I have come to the conclusion that if I spent as much time writing my business plan as I do worrying about it or researching about it, I would have finished it weeks ago. I’m pretty sure I’m making a mountain out of a molehill. So, to assist you (and me) I decided to summarize the basic requirements of a business plan. It’s a long post so get your reading glasses along with a glass of your favorite beverage and dig in!
Most business plans are organized into five major categories:
- Executive Summary
- Company Description
- Products & Services
- Marketing & Sales Plan
- Financial Information
Let’s discuss each category individually.
The first category is the Executive Summary. This may be the most important part of your business plan. Most experts agree, however, that this should be done last after you have completed all the other categories in your business plan. The executive summary is your chance to shine and show people that you are ready to get your business off the ground. As a summary section you will give a quick picture of your experience, training, and plans for success.
The second category is the Company Description. This is where you give a profile of your company by explaining your business and what niche you are serving. State where you are located and under what type of legal format your company operates, such a sole proprietorship, Incorporated, or LLC. You should then list details such as:
- Management structure
- Number of employees
- Your target market and unique selling position
- Expertise level
- Scope of work
- Hours of operation
Next, list the duties and responsibilities of management/key staff/consultants, if any. Describe what your company does and what makes it unique. Describe your ideal target customer including:
- Age, marital status, income, number of children, educational level
- State whether or not their numbers are growing or declining
- Trends affecting your customer demographic
- What they spend on products or services similar to yours
- Who they purchase these products or services from
- Where and how do they buy them
Profile your main competition:
- Who are they
- Where they located
- What’s their size
- Discuss what market segments they serve
- Give a rough estimate of their sales
- Approximately how long have they been in business
- Sketch out their strengths and weaknesses
- State whether they are growing or declining
- What is their market share
- Where will you fit in
- How will you overcome any competitive disadvantages
The next category is Product & Services. In this section describe your products and services. Discuss how your products and services are unique and better than your competitors. Explain how you see your products and services changing over time and your business growing. Detail the level of customer demand for your products and services now and project where demand will be over the next 2 to 5 years.
Category four is Marketing & Sales. The main purpose of this section is to discuss how you will reach customers. We will expand on who is the ideal target customer we discussed in Category two by answering questions such as:
- Who are my customers and potential customers?
- What kind of people are they?
- Where do they live?
- Can and will they buy?
- Am I offering the kinds of goods or services they want at the best price, at the best time, in the right amounts?

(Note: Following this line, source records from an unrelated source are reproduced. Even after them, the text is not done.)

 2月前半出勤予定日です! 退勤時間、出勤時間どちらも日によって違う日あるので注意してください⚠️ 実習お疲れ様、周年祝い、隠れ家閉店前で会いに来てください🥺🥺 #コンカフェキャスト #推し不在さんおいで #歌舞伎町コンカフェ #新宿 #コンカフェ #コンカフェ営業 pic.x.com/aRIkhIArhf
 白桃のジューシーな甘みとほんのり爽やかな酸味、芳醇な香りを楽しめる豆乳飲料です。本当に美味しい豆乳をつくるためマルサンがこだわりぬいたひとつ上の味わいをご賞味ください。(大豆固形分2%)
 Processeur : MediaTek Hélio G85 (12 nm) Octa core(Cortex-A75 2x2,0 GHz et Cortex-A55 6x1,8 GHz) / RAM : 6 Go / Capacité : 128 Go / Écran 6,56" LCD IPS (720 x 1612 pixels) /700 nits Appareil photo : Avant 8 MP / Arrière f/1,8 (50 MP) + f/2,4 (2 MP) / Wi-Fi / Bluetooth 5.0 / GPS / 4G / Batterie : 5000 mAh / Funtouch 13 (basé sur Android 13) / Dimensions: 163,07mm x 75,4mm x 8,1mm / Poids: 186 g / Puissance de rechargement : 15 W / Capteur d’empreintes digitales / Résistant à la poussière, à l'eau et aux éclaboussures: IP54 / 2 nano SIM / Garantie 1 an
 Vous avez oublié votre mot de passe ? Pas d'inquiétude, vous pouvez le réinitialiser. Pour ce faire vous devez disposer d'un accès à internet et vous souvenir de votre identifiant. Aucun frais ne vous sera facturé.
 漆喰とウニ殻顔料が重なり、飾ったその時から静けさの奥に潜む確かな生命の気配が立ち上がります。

- Are my prices consistent with what buyers see as the product’s value?
- How does my business compare with my competitors?

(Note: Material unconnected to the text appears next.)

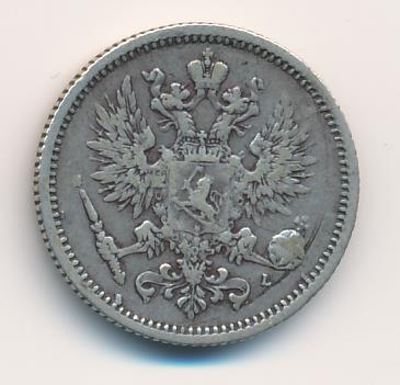 Лицевая сторона — российский двуглавый орел с гербом Великого княжества Финляндского на груди, оборотная — номинал и дата в венке из дубовых листьев. Проба — 750, нормативный вес — 2,55 грамма, гурт рубчатый.
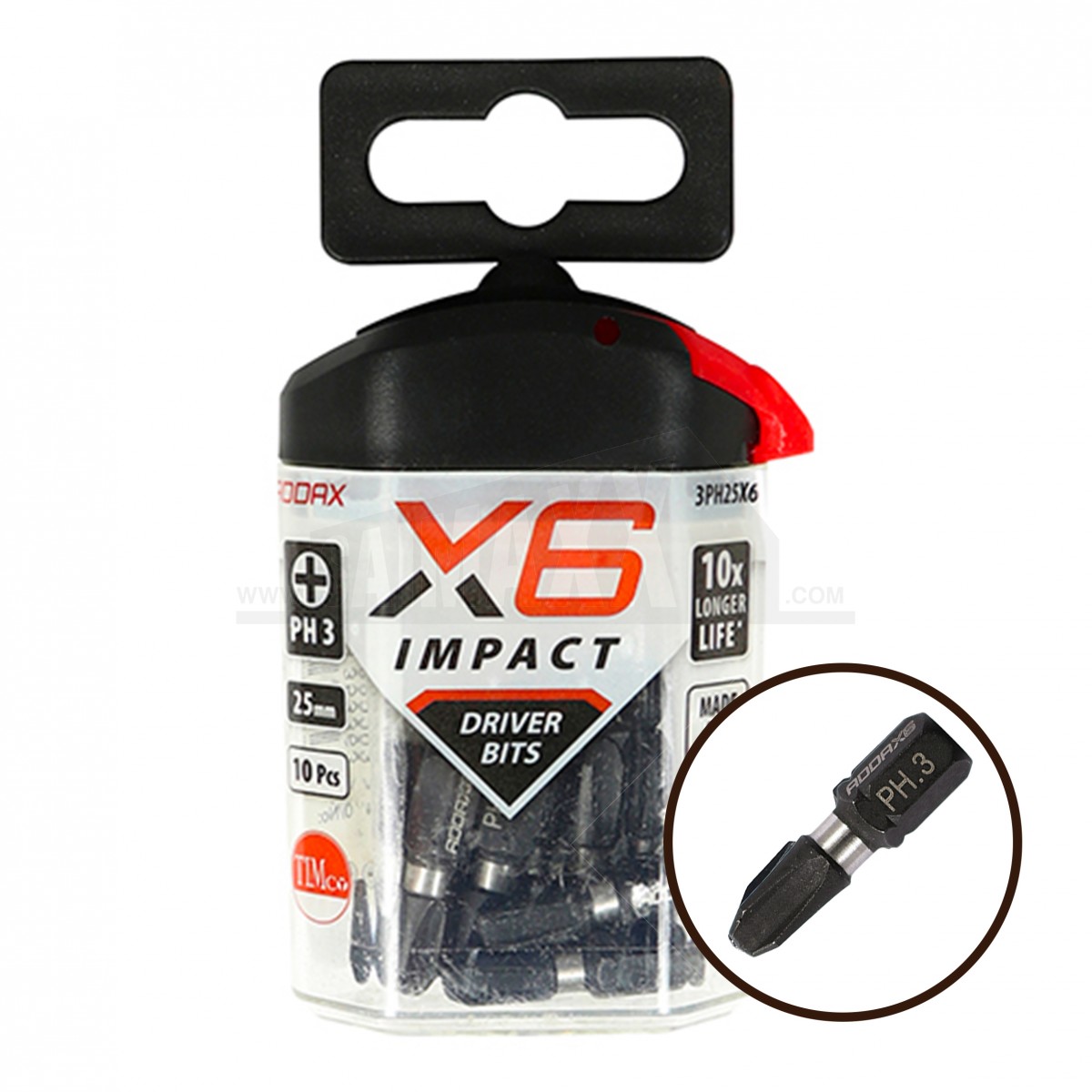 The Addax X6 Impact Duty Screwdriver Bits PH3 25mm 10pc are Phillips No.3 impact-rated bits designed for driving larger PH3 screws with power tools. They are suited to demanding fixing work where a strong, accurate bit fit is needed.

A successful marketing strategy will typically include the four Ps – price, promotion, products, and place – to reflect the wants and desires of consumers in your target market. A product is an item that satisfies what consumer needs or wants. Price is the amount a consumer pays for the product. Promotion is all of the methods of communication and a marketer may used to provide information about the product. Place – or distribution – refers to the providing the product at a place that is convenient for consumers to access.
For sales strategy, provide a summary of the people most likely to purchase your products or services. Address the most urgent need they would be seeking to meet or which major benefits would attract them. Discuss where and how you will sell your products and services. Will you sell only online? Will you have a brick-and-mortar location?
The final category is Financial Information. This section should include financial statements and forecasts for the business. The financial structure of your business is usually described in three financial statements: the balance statement, income statement, and cash flow statement. As a new business you should include estimated start-up costs, a projected balance sheet, a projected income statement, and a projected cash flow statement for 12 months. All statements should be projected one year forward.